Dataset entries

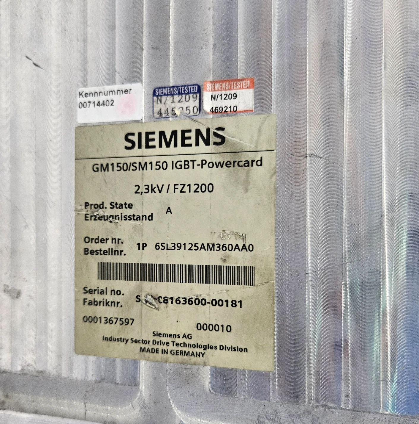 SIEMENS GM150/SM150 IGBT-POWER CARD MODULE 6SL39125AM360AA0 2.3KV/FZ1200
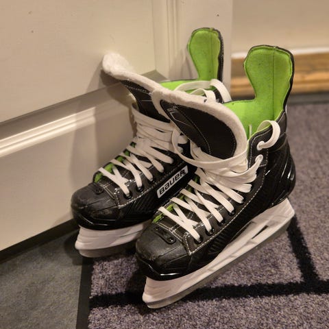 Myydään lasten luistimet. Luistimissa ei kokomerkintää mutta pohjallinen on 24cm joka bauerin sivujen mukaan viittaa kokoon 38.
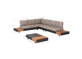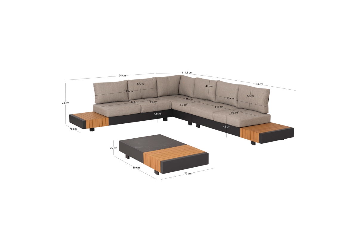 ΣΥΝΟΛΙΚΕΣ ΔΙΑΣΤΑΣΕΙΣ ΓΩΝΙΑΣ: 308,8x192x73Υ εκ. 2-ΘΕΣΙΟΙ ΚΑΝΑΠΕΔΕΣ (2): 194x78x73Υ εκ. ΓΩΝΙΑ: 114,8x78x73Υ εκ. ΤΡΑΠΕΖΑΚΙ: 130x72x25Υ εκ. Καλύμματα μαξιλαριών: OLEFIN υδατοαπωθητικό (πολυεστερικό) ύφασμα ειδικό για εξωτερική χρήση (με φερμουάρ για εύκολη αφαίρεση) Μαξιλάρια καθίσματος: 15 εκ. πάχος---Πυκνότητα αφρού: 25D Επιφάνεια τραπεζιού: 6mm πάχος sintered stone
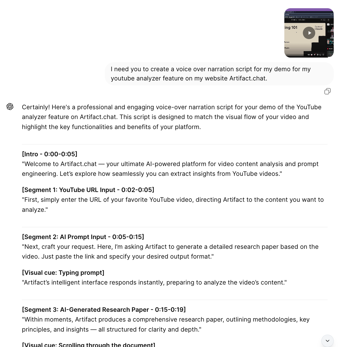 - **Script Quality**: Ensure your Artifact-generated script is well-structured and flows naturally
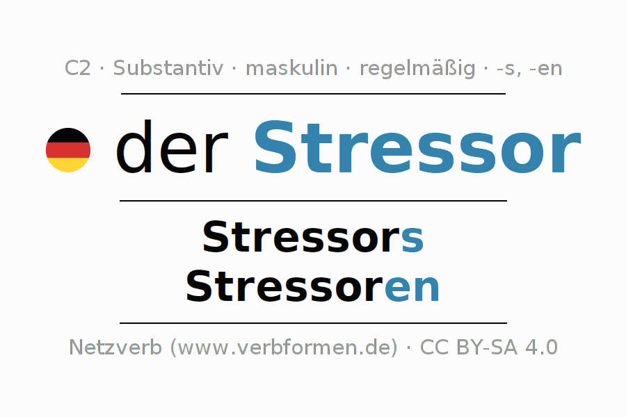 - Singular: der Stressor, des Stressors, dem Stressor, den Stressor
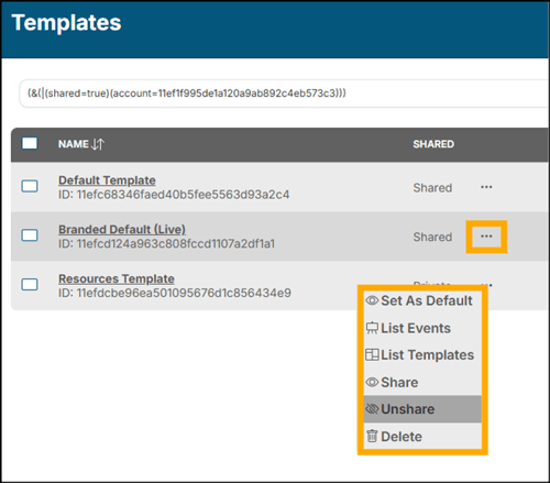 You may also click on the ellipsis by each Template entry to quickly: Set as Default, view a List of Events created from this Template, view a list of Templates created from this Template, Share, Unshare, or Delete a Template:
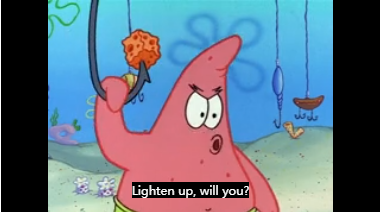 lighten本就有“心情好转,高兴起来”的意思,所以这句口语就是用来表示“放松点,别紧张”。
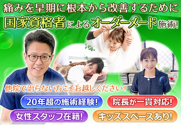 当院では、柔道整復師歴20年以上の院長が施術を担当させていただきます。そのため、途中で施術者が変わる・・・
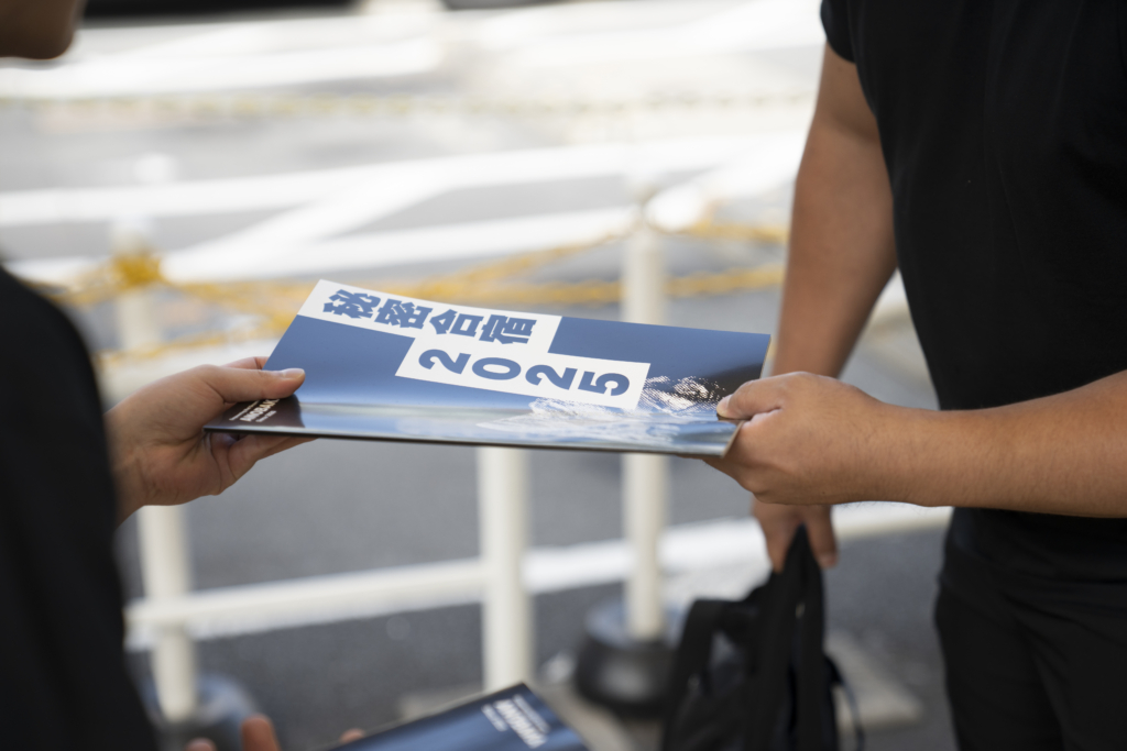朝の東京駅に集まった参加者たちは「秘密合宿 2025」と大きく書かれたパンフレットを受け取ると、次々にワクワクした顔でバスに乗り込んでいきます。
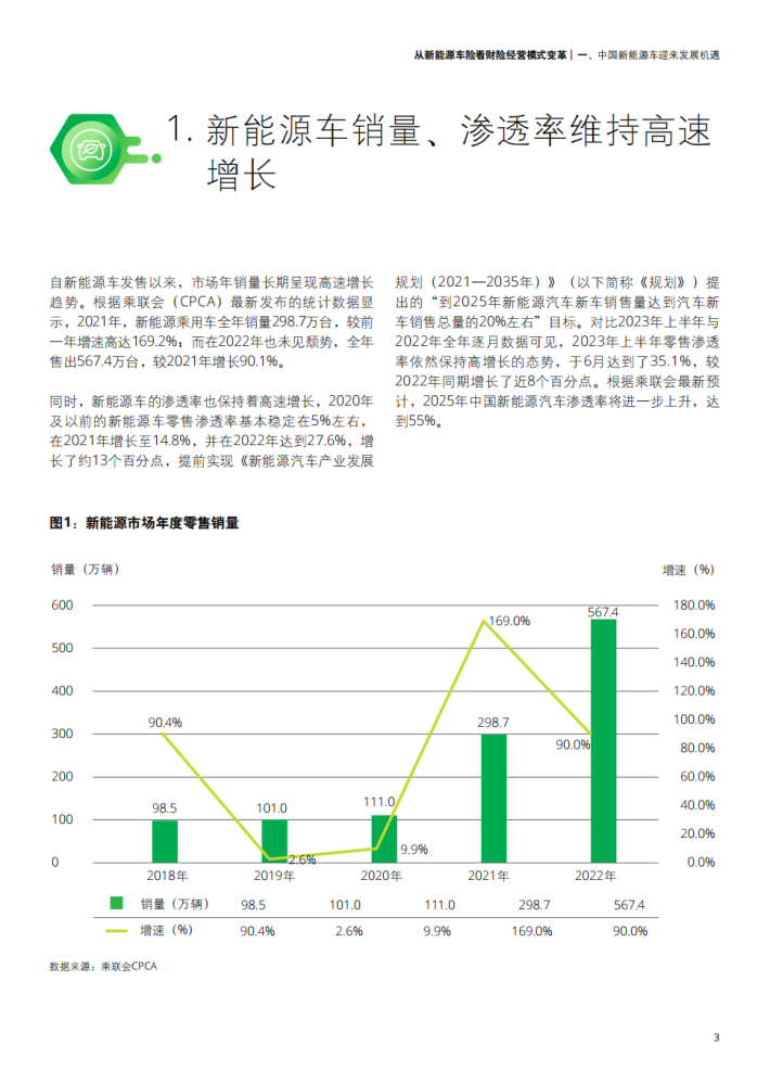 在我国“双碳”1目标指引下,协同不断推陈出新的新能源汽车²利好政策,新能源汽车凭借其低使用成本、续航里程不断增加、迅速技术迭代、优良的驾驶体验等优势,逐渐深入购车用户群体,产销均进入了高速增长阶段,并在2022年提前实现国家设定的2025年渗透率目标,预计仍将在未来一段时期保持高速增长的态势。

---

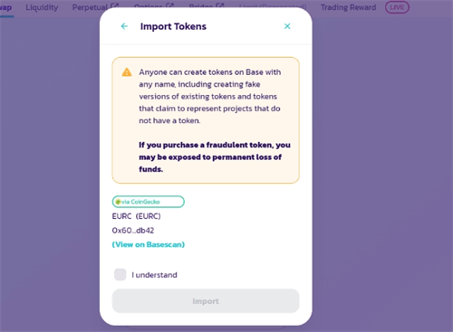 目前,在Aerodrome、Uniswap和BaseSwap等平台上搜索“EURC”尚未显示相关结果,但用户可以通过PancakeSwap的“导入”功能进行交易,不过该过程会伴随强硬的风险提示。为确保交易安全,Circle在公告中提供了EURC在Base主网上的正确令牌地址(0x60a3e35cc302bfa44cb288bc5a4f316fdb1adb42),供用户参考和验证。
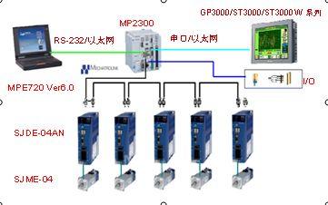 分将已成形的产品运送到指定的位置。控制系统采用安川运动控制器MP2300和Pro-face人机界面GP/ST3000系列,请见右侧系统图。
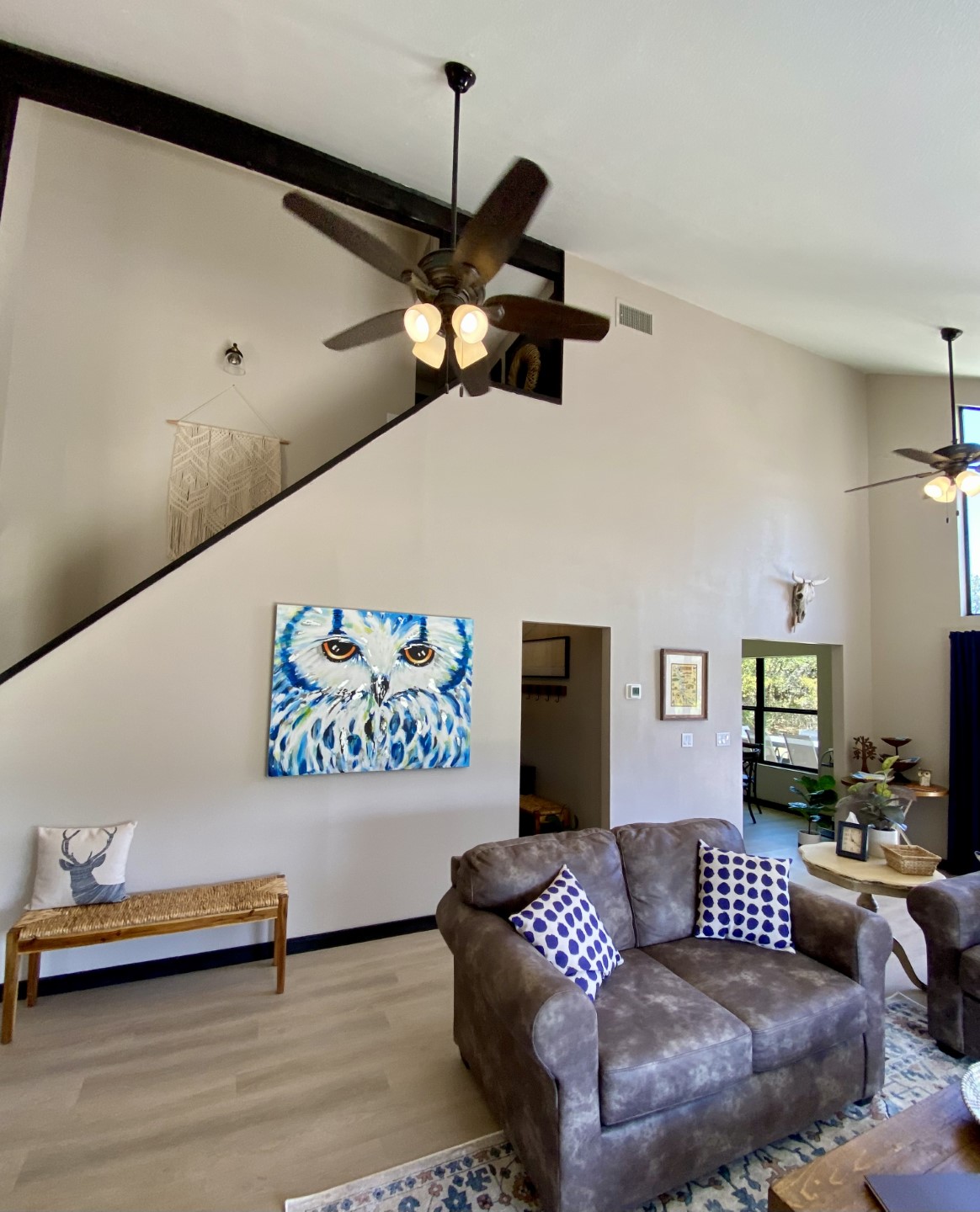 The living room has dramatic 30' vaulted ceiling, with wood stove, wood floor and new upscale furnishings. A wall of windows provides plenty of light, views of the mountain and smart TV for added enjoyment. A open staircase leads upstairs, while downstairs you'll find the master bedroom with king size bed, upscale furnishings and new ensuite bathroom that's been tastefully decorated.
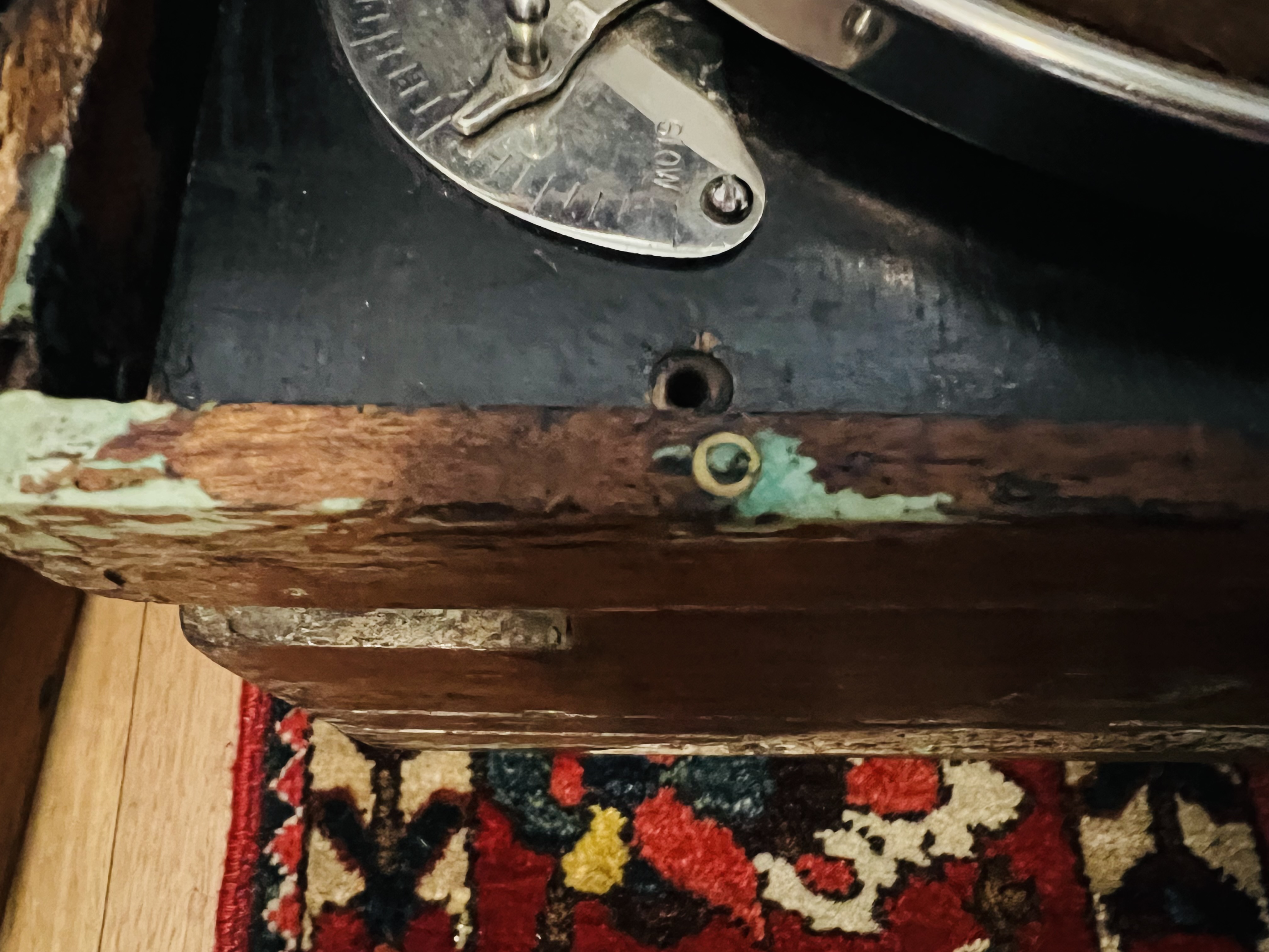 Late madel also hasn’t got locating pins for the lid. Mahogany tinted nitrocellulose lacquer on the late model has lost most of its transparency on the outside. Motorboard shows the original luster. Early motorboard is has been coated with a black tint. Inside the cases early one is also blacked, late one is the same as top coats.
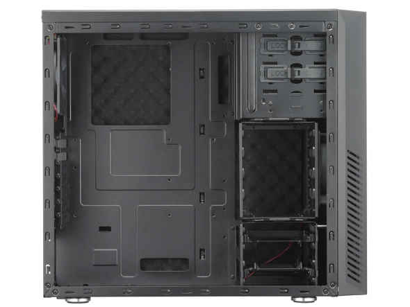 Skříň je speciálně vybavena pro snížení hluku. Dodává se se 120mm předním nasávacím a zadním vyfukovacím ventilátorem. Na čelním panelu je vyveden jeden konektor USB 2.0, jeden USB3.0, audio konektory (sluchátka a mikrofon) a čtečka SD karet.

→ WHAT YOU SHOULD DO:
Look above for the line containing "分将已成形的产品运送到指定的", then write out every line from there down to the line containing "The living room", that line included, with no pictures.

→ PROBLEM SOLUTION:
 分将已成形的产品运送到指定的位置。控制系统采用安川运动控制器MP2300和Pro-face人机界面GP/ST3000系列,请见右侧系统图。
 The living room has dramatic 30' vaulted ceiling, with wood stove, wood floor and new upscale furnishings. A wall of windows provides plenty of light, views of the mountain and smart TV for added enjoyment. A open staircase leads upstairs, while downstairs you'll find the master bedroom with king size bed, upscale furnishings and new ensuite bathroom that's been tastefully decorated.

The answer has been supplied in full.